Figging consiste en insertar un trozo de raíz de jengibre pelada (normalmente tallada en forma de plug o dedo) en el ano (y en algunos casos en la vagina o uretra) para producir una sensación de calor intenso, hormigueo y ardor progresivo.

El efecto se debe a los aceites naturales del jengibre (gingeroles), que al entrar en contacto con las mucosas generan una quemazón que va aumentando con el tiempo (generalmente de 2 a 20-30 minutos, dependiendo de la frescura del jengibre y la sensibilidad de la persona).

En BDSM se usa principalmente como forma de juego sensorial o castigo erótico:

  • El ardor puede ser placentero para algunos (mezcla de dolor y excitación).
  • Se intensifica si la persona contrae los músculos (por ejemplo durante una azotaina, caning o spanking), ya que aprieta más el jengibre y libera más jugos.
  • Para otros es más punitivo o humillante, lo que encaja en dinámicas de poder/control.

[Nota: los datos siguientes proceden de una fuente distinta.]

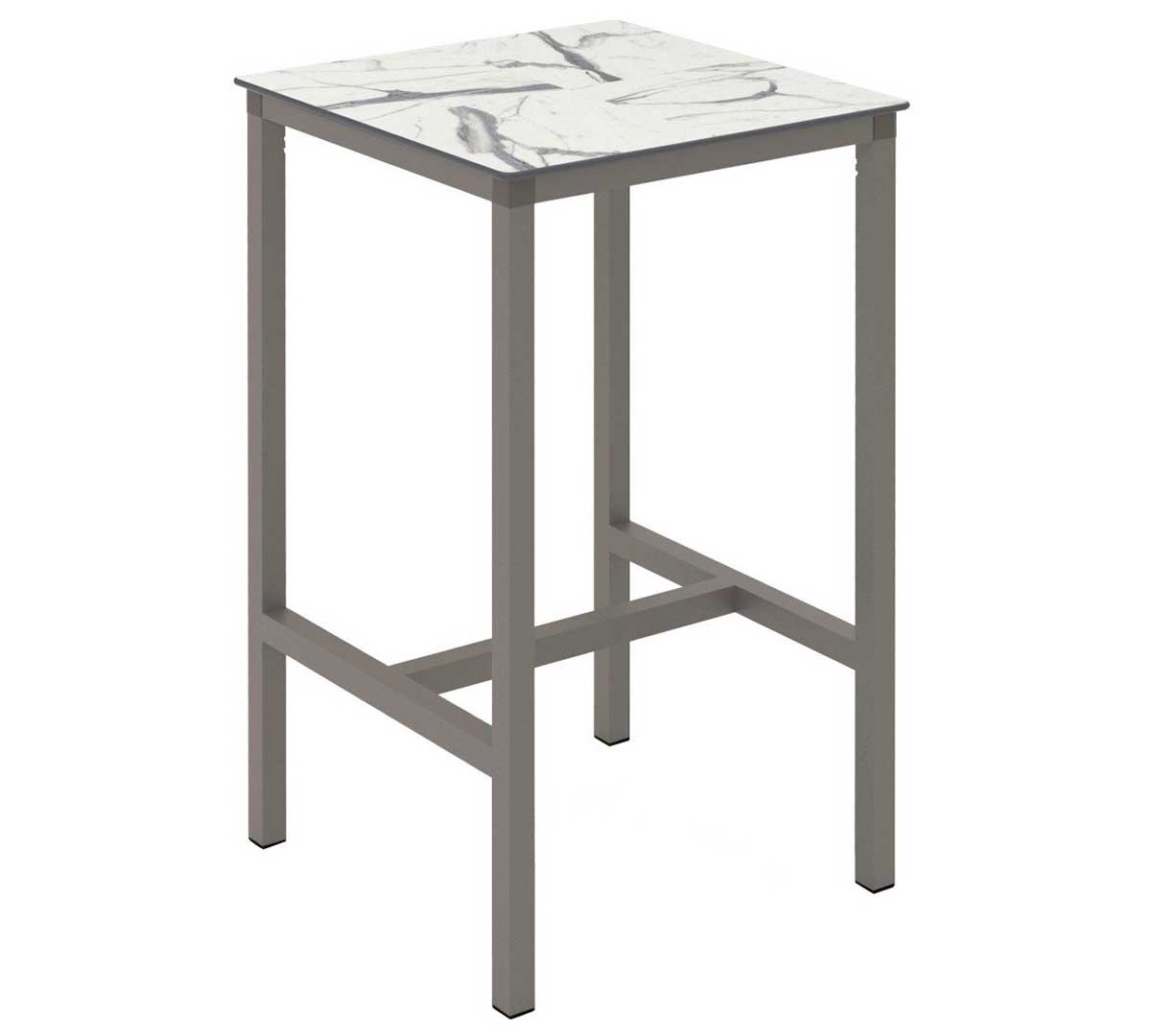 La Mesa Alta Cuadrada Urban Estructura Taupe de Ezpeleta es un modelo apto para interiores y exteriores. Está fabricada con estructura de aluminio lacado colore taupe, con uniones de poliamida.

Origen histórico: viene de prácticas victorianas (incluso se usaba en caballos para hacerlos levantar la cola y parecer más "vivos"), pero fue adoptado en el BDSM moderno como una forma natural y temporal de estimulación dolorosa.

Consejos de seguridad básicos (si alguien decide probarlo):

  • Usar jengibre fresco, pelarlo bien (la piel irrita más).
  • No usar lubricantes a base de aceite (pueden alterar la sensación).
  • Siempre con consentimiento claro, comunicación constante y palabra de seguridad.
  • Retirar inmediatamente si es demasiado intenso; el efecto desaparece rápido al sacarlo.

Es una práctica nicho, no muy común, pero muy valorada por quienes disfrutan del dolor químico/térmico controlado.